___ Extracted material ___

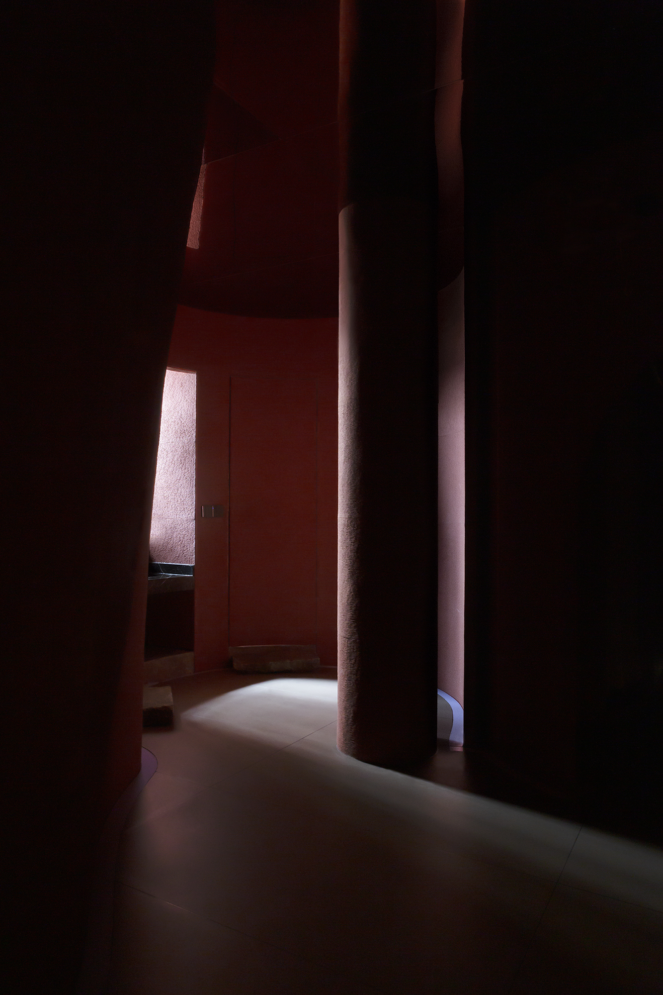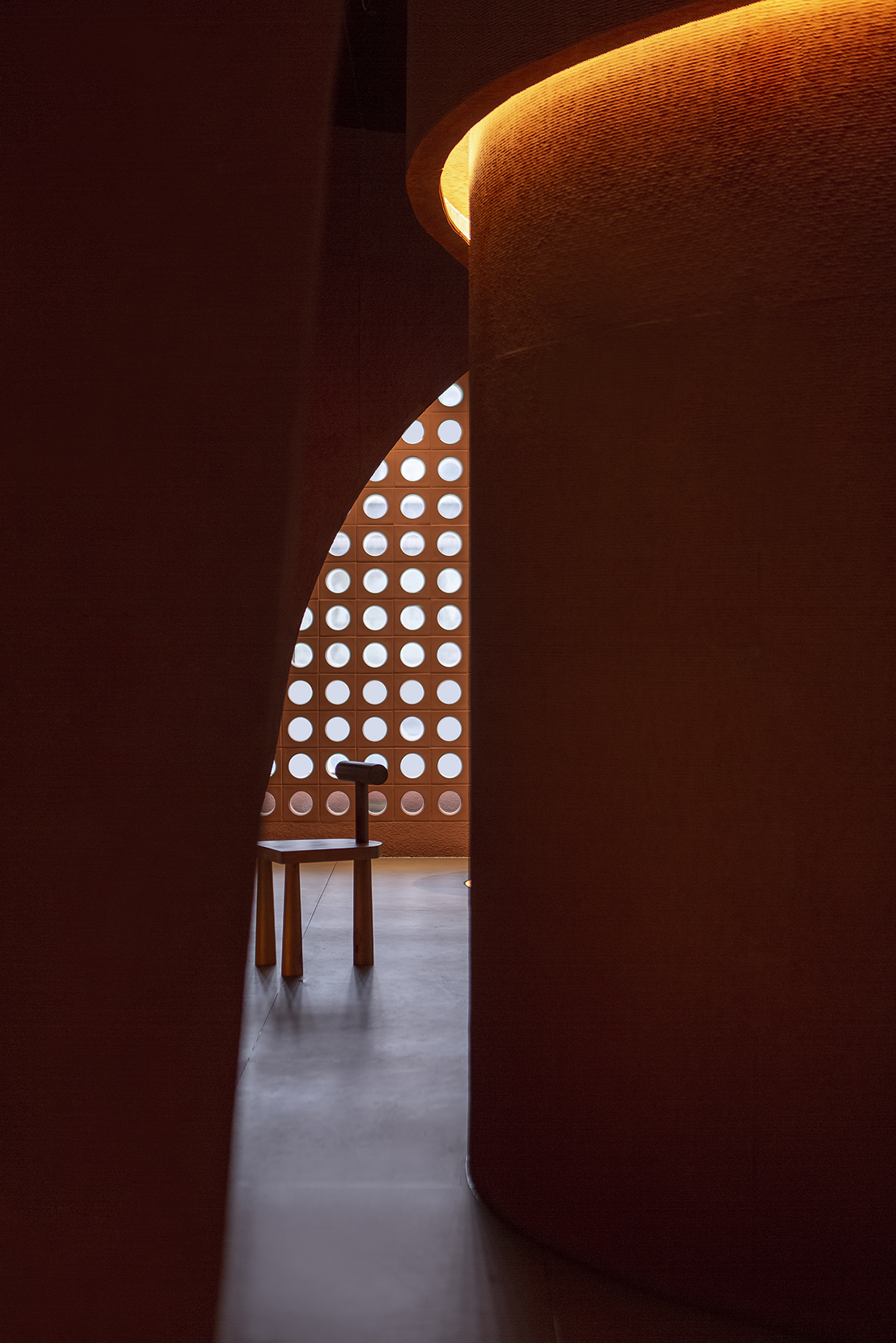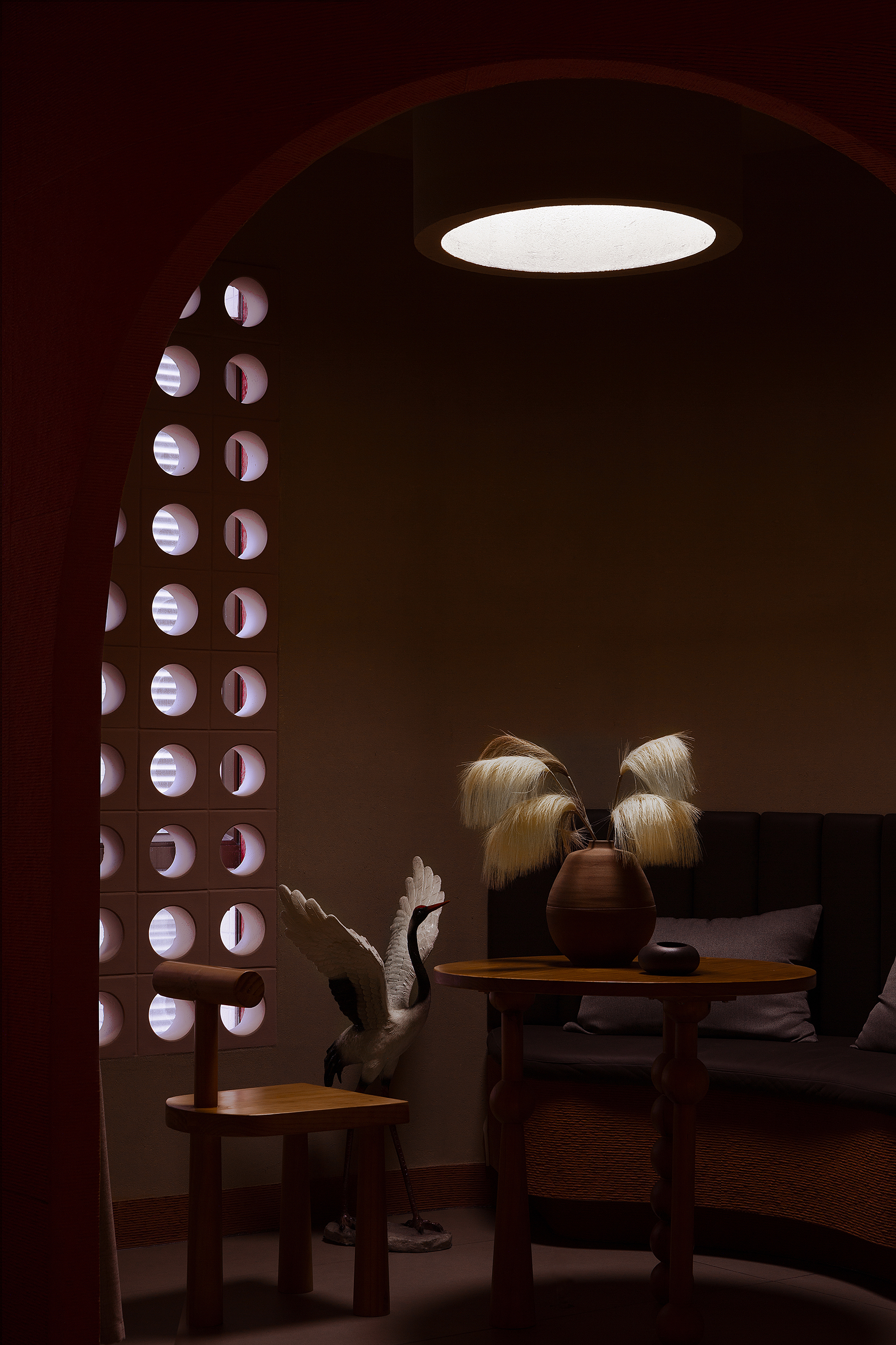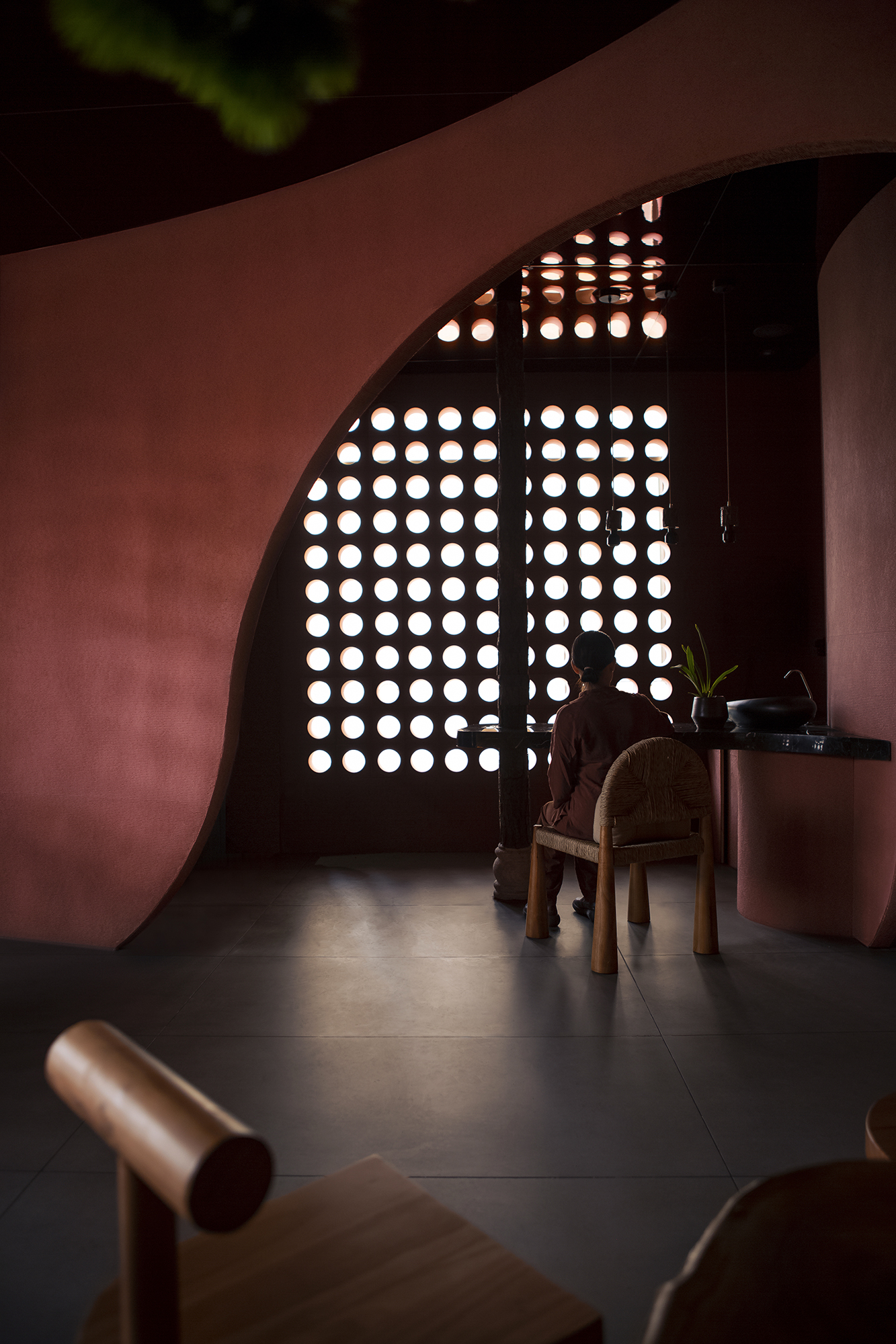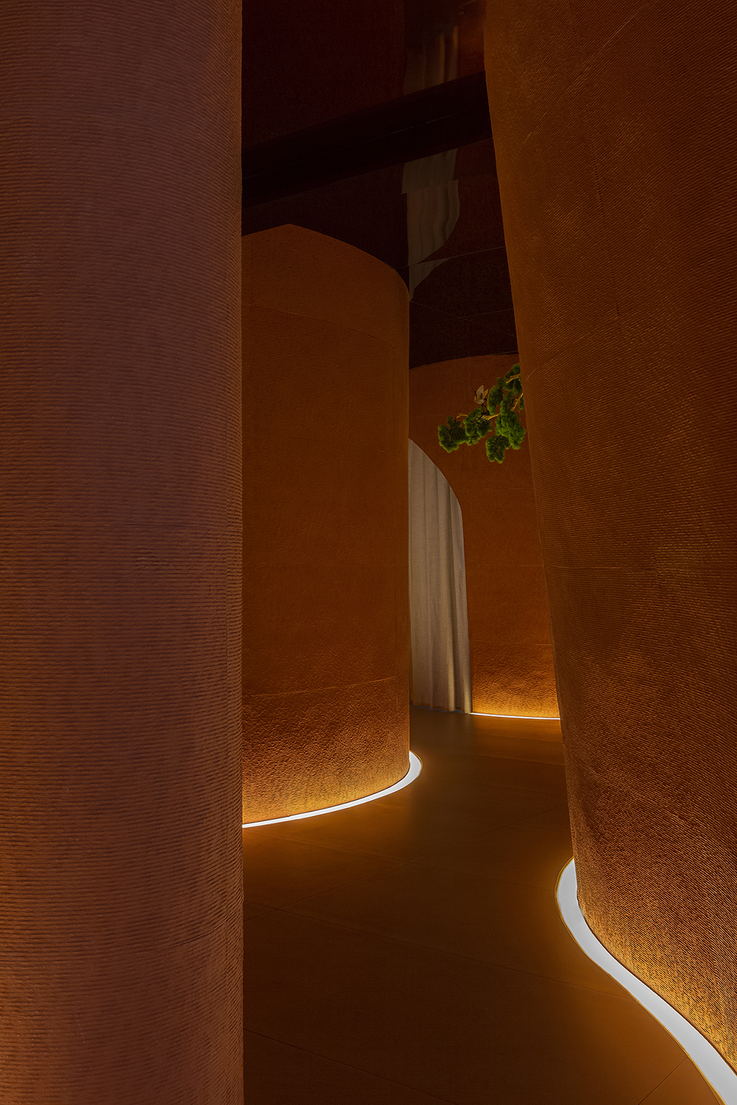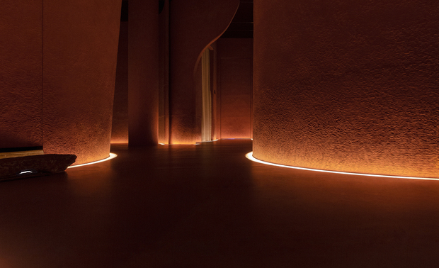 白天,窗口圆洞墙对光进行过滤和美化,光线漫射到曲径,巧妙地将空间层次化,简约化和时间化;晚上,公共空间以线性照明为主,暗藏曲线光漫射山墙,既引导游走的方向,也给空间带来曲径通幽的美感;VIP等独立空间根据使用需要设计光照,主次分明,舒适而宁静。
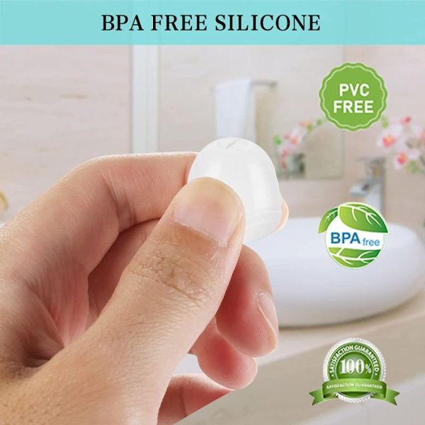 Chaque pack comprend deux bouchons de dentifrice : un blanc et un bleu. Ces bouchons sont fabriqués en silicone de qualité alimentaire, sans BPA, qui n'absorbe ni les odeurs ni les goûts. Ces bouchons distributeurs de dentifrice peuvent être lavés, rincés et réutilisés
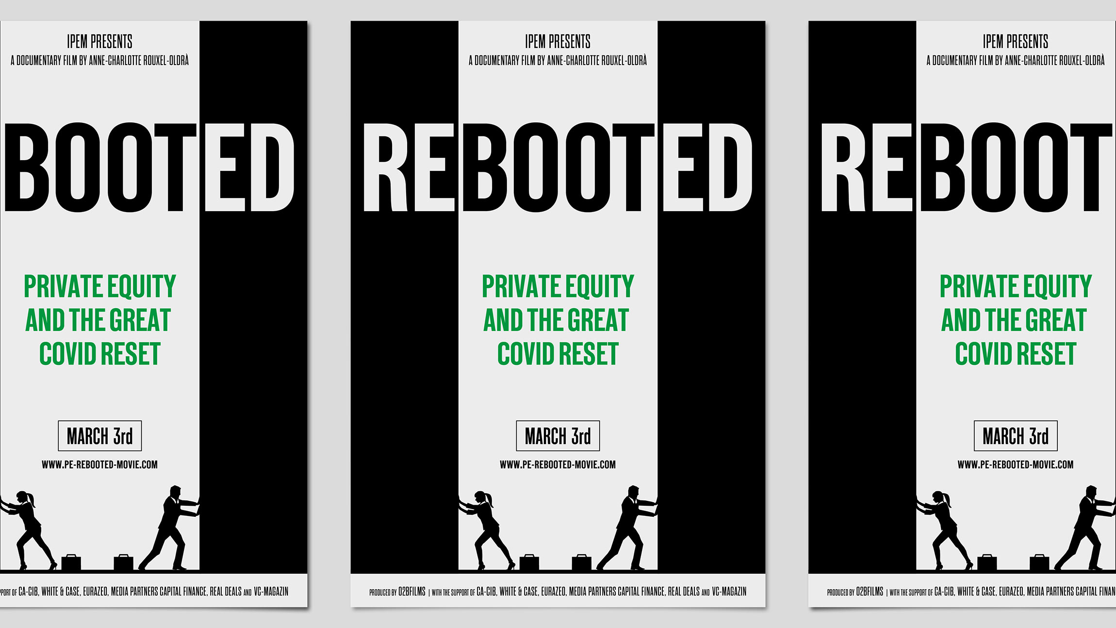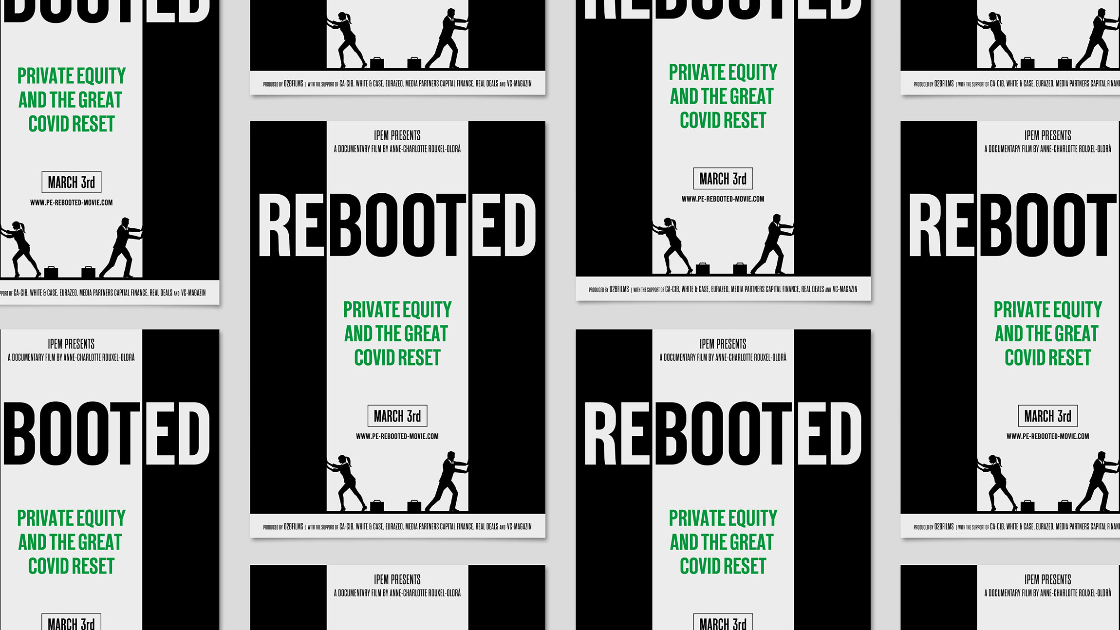 Conception graphique de l’affiche du film documentaire Rebooted Private Equity – The Great Covid Reset réalisé par Anne-Charlotte Rouxel-Oldrà et produit par l’IPEM.
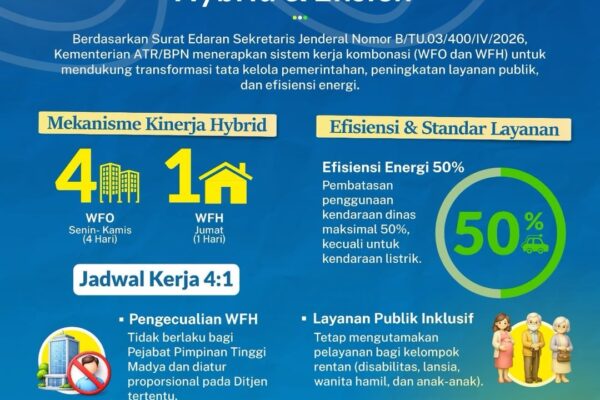 Jakarta – Sekretaris Jenderal (Sekjen) Kementerian Agraria dan Tata Ruang/Badan Pertanahan Nasional (ATR/BPN), Dalu Agung Darmawan, secara resmi membuka Forum Badan Komunikasi Hubungan Masyarakat (Bakohumas) pada Rabu (15/04/2026). Sejalan dengan digitalisasi yang dilakukan terhadap layanan pertanahan dan tata ruang, forum kali ini diselenggarakan sebagai wadah memperkuat pemahaman dan sinergi antarinstansi dalam mendukung implementasi layanan berbasis…
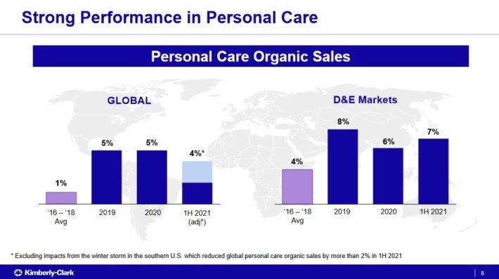 The company’s focus for D&E development is Latin America and China in particular, with smaller markets seeing a meaningful push as well. Kimberly-Clark plans to use its significant supply chain and marketing experience to pursue growth in areas where it under-performs today, and that should help drive some incremental growth.
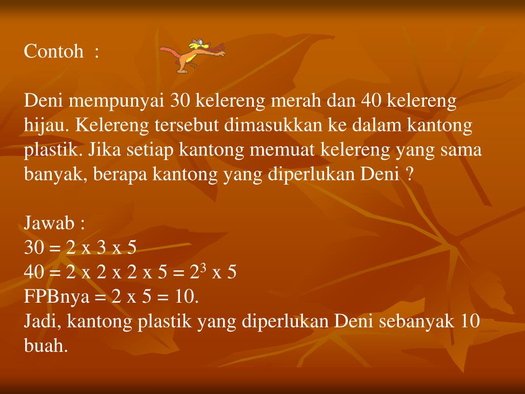 Contoh : Deni mempunyai 30 kelereng merah dan 40 kelereng hijau. Kelereng tersebut dimasukkan ke dalam kantong plastik. Jika setiap kantong memuat kelereng yang sama banyak, berapa kantong yang diperlukan Deni ? Jawab : 30 = 2 x 3 x 5 40 = 2 x 2 x 2 x 5 = 23 x 5 FPBnya = 2 x 5 = 10. Jadi, kantong plastik yang diperlukan Deni sebanyak 10 buah.
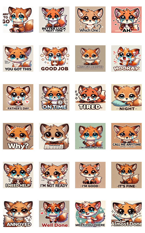 さまざまな感情を表現する、かわいいうるうるキツネのスタンプセット。チャットに可愛らしさをプラスします。
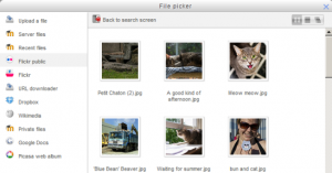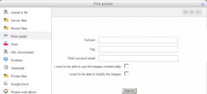 The Flickr public repository enables a user to search Flickr and copy files from there into any of the Moodle file interfaces.
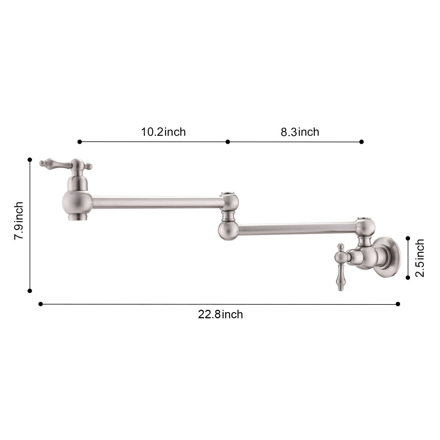 W2287 Wall Mount Folding Kitchen Pot Filler Faucet. Works well as accent or supplemental wall lighting for hallways, bedrooms, bathrooms, and other interior spaces. Material: brass. Product dimensions and weight: length 15.7, width 9.8, height 2.4, weight 3.6.

___

Work instruction. Among the entries above, take the lines from the one with "さまざまな感情を表現する、か" through the one with "The Flickr public" and retype them exactly, leaving out the pictures.

The answer.
 さまざまな感情を表現する、かわいいうるうるキツネのスタンプセット。チャットに可愛らしさをプラスします。
 The Flickr public repository enables a user to search Flickr and copy files from there into any of the Moodle file interfaces.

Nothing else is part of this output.